- RECORDS TO PROCESS -

* * *

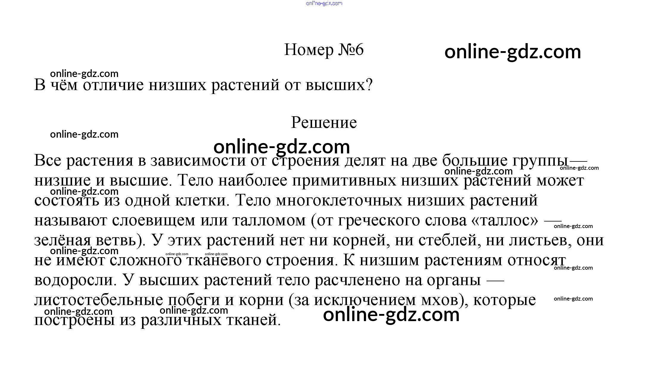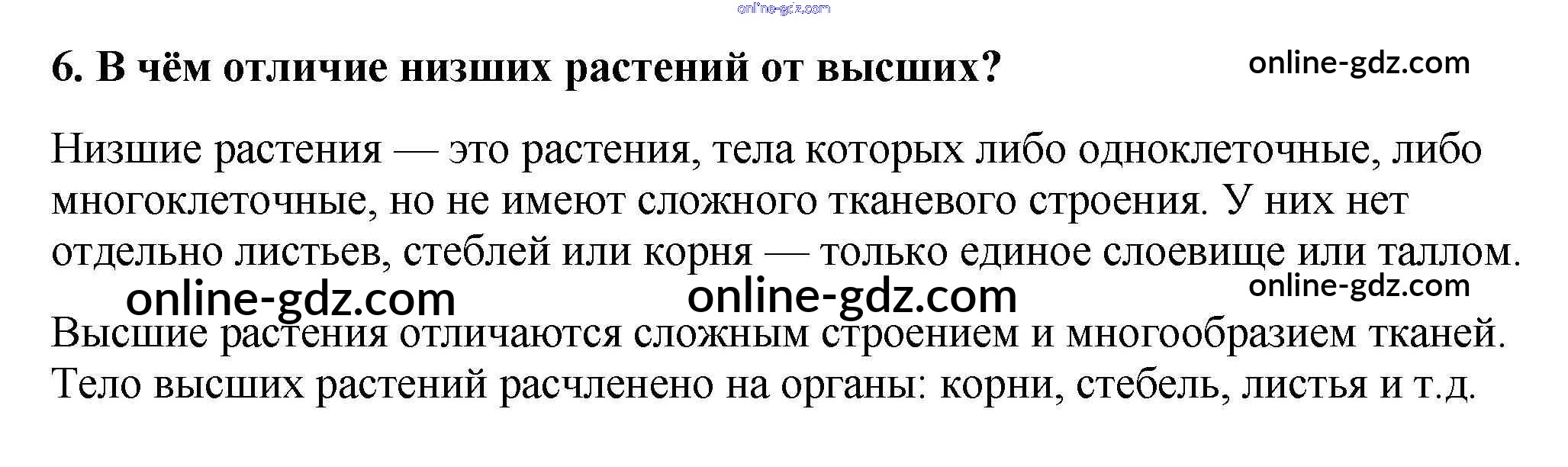 Готовые домашние задания по Биологии за 6 класс Учебник Пасечник Линейный курс 2020 - Вопросы §1. Разнообразие, распространение, значение растений 6
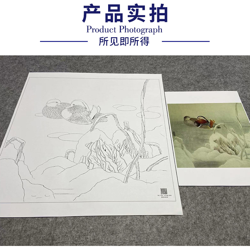 【大彩图】龚雪青工笔画白描底稿斗方小品《鸳鸯》临摹勾线花鸟线稿XQ57
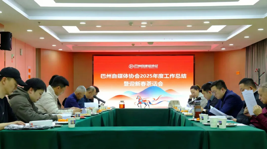 2026年1月31日下午,巴州自媒体协会2025年度工作总结暨迎新春茶话会在库尔勒市举行。协会理事、会员代表齐聚一堂,共同回顾过去一年协会工作开展情况,研究部署2026年重点工作方向,交流行业发展趋势。会议由协会会长田瑞主持。
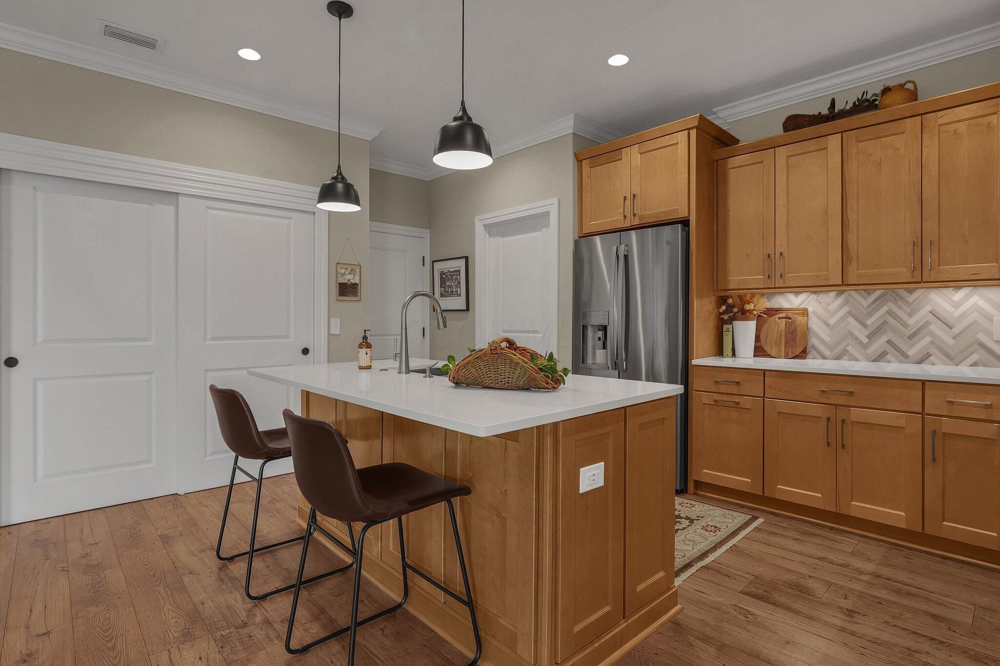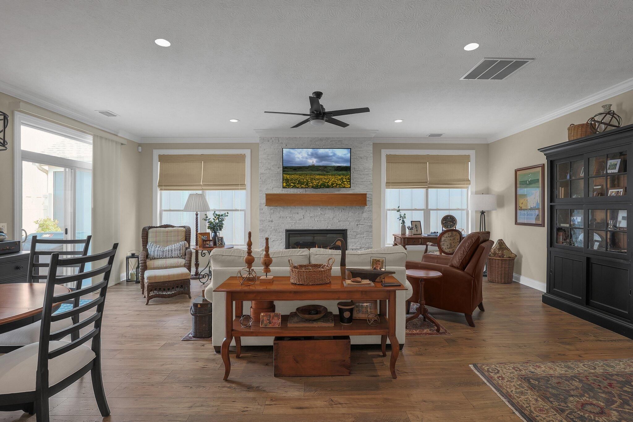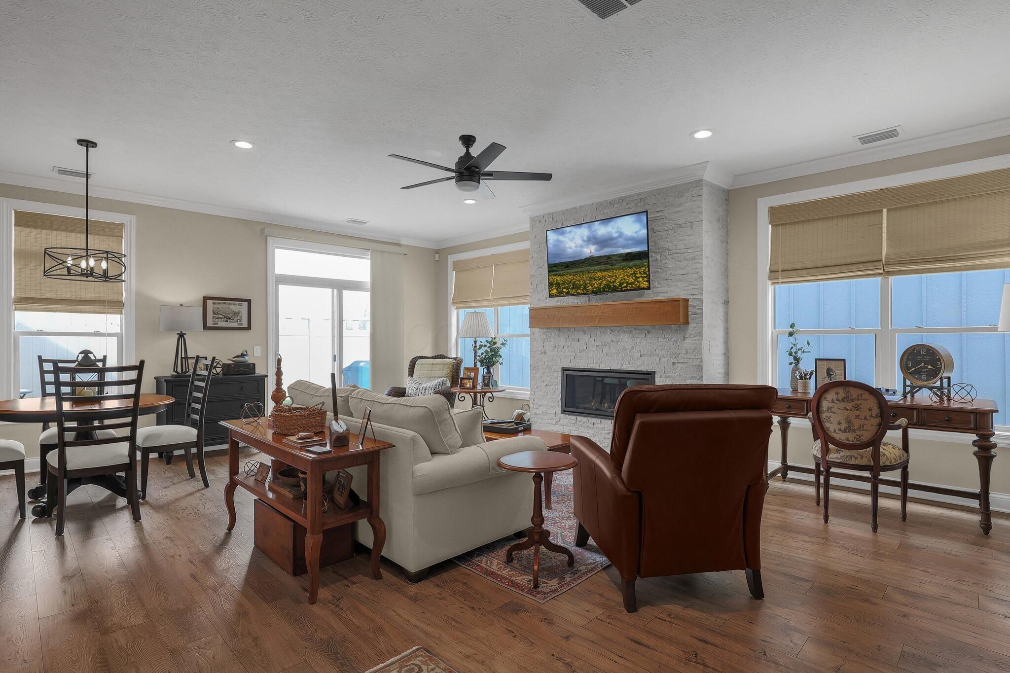OPEN HOUSE this SUNDAY JANUARY 11TH from 1pm-3pm. Welcome to 3628 Backstretch Way, a meticulously maintained, move-in-ready gem nestled in the highly sought-after Courtyards at Beulah Park in Grove City, Ohio. This free-standing, maintenance-free home was once the model home—and it shows! With upgrades throughout and pristine condition, this one-story beauty offers the perfect blend of luxury and low-maintenance living. Featuring 2 spacious bedrooms and 2 full bathrooms, the open-concept layout is warm and inviting, highlighted by a cozy fireplace and abundant natural light. The kitchen is a chef's dream with top-of-the-line appliances, including a GE refrigerator with built-in Keurig, a gas cooktop, quartz countertops, and a stylish tile backsplash. The primary suite is a true retreat, offering a large bedroom, walk-in closet that exceeds expectations, double sink vanity, and a walk-in tiled shower. Step outside to your private back patio—fully fenced with a secure gate that opens to lush, maintenance-free green space and quiet sidewalks, ensuring privacy with no rear neighbors. Community amenities are unmatched and include a clubhouse, fitness center, pool, pickle ball court, and scenic walking paths—perfect for active and social lifestyles. Just minutes from the heart of downtown Grove City, you'll enjoy easy access to shopping, dining, and entertainment. This is more than a home; it's a lifestyle. Don't miss your chance to make it yours!
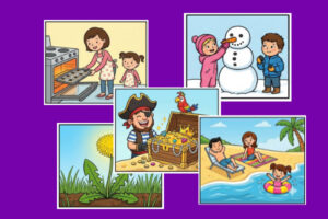 Krátké příběhové stripy na 6 okének. Po vytisknutí a rozstříhání je úkolem je správně seřadit a vyprávět příběh, který se na nich odehrává.
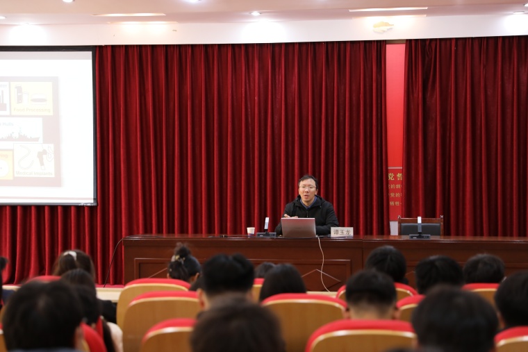 11月20日上午,青岛农业大学教授、山东省杰青、泰山学者青年专家谭玉龙在知新楼西报告厅为青岛黄海学院医学院师生开展题为“致病菌生物被膜的绿色防控技术”的专题讲座。讲座由院长助理武春飞主持。

* * *

- REQUIRED WORK -
Leave out the pictures and output everything else in the records exactly.

- SOLUTION TO THIS PROBLEM -
 Готовые домашние задания по Биологии за 6 класс Учебник Пасечник Линейный курс 2020 - Вопросы §1. Разнообразие, распространение, значение растений 6
 【大彩图】龚雪青工笔画白描底稿斗方小品《鸳鸯》临摹勾线花鸟线稿XQ57
 2026年1月31日下午,巴州自媒体协会2025年度工作总结暨迎新春茶话会在库尔勒市举行。协会理事、会员代表齐聚一堂,共同回顾过去一年协会工作开展情况,研究部署2026年重点工作方向,交流行业发展趋势。会议由协会会长田瑞主持。
OPEN HOUSE this SUNDAY JANUARY 11TH from 1pm-3pm. Welcome to 3628 Backstretch Way, a meticulously maintained, move-in-ready gem nestled in the highly sought-after Courtyards at Beulah Park in Grove City, Ohio. This free-standing, maintenance-free home was once the model home—and it shows! With upgrades throughout and pristine condition, this one-story beauty offers the perfect blend of luxury and low-maintenance living. Featuring 2 spacious bedrooms and 2 full bathrooms, the open-concept layout is warm and inviting, highlighted by a cozy fireplace and abundant natural light. The kitchen is a chef's dream with top-of-the-line appliances, including a GE refrigerator with built-in Keurig, a gas cooktop, quartz countertops, and a stylish tile backsplash. The primary suite is a true retreat, offering a large bedroom, walk-in closet that exceeds expectations, double sink vanity, and a walk-in tiled shower. Step outside to your private back patio—fully fenced with a secure gate that opens to lush, maintenance-free green space and quiet sidewalks, ensuring privacy with no rear neighbors. Community amenities are unmatched and include a clubhouse, fitness center, pool, pickle ball court, and scenic walking paths—perfect for active and social lifestyles. Just minutes from the heart of downtown Grove City, you'll enjoy easy access to shopping, dining, and entertainment. This is more than a home; it's a lifestyle. Don't miss your chance to make it yours!
 Krátké příběhové stripy na 6 okének. Po vytisknutí a rozstříhání je úkolem je správně seřadit a vyprávět příběh, který se na nich odehrává.
 11月20日上午,青岛农业大学教授、山东省杰青、泰山学者青年专家谭玉龙在知新楼西报告厅为青岛黄海学院医学院师生开展题为“致病菌生物被膜的绿色防控技术”的专题讲座。讲座由院长助理武春飞主持。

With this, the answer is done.